**SOURCE RECORDS:**
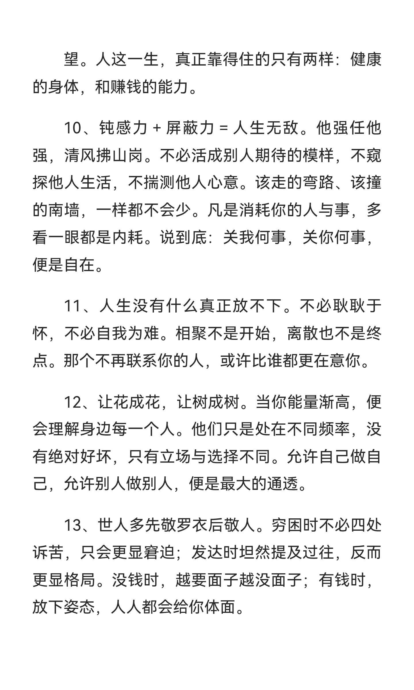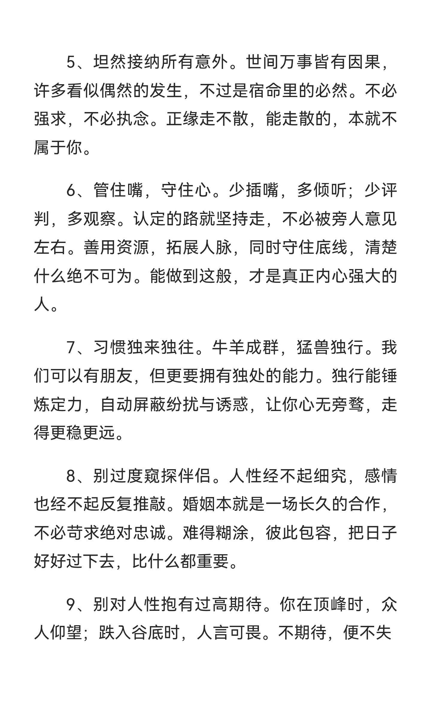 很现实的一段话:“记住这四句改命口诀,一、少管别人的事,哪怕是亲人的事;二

---

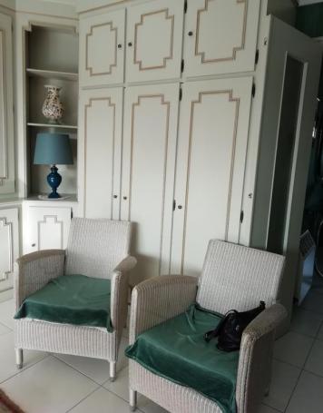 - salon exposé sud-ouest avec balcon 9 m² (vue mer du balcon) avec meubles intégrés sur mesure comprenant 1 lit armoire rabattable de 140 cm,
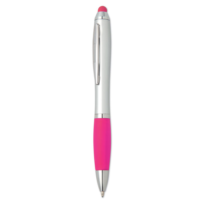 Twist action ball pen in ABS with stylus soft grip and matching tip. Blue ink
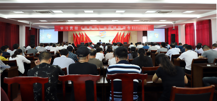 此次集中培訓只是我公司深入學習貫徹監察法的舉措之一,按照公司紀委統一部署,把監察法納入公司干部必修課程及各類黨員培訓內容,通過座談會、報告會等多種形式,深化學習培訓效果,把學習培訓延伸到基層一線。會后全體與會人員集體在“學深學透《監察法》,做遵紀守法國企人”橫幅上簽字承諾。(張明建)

**TASK BRIEF:** What is needed is an exact copy of only the lines above from the one with "- salon exposé" to the one with "此次集中培訓只是我公司深入學", both kept, with every picture left out.

**SOLUTION FOR THIS PROBLEM:**
 - salon exposé sud-ouest avec balcon 9 m² (vue mer du balcon) avec meubles intégrés sur mesure comprenant 1 lit armoire rabattable de 140 cm,
 Twist action ball pen in ABS with stylus soft grip and matching tip. Blue ink
 此次集中培訓只是我公司深入學習貫徹監察法的舉措之一,按照公司紀委統一部署,把監察法納入公司干部必修課程及各類黨員培訓內容,通過座談會、報告會等多種形式,深化學習培訓效果,把學習培訓延伸到基層一線。會后全體與會人員集體在“學深學透《監察法》,做遵紀守法國企人”橫幅上簽字承諾。(張明建)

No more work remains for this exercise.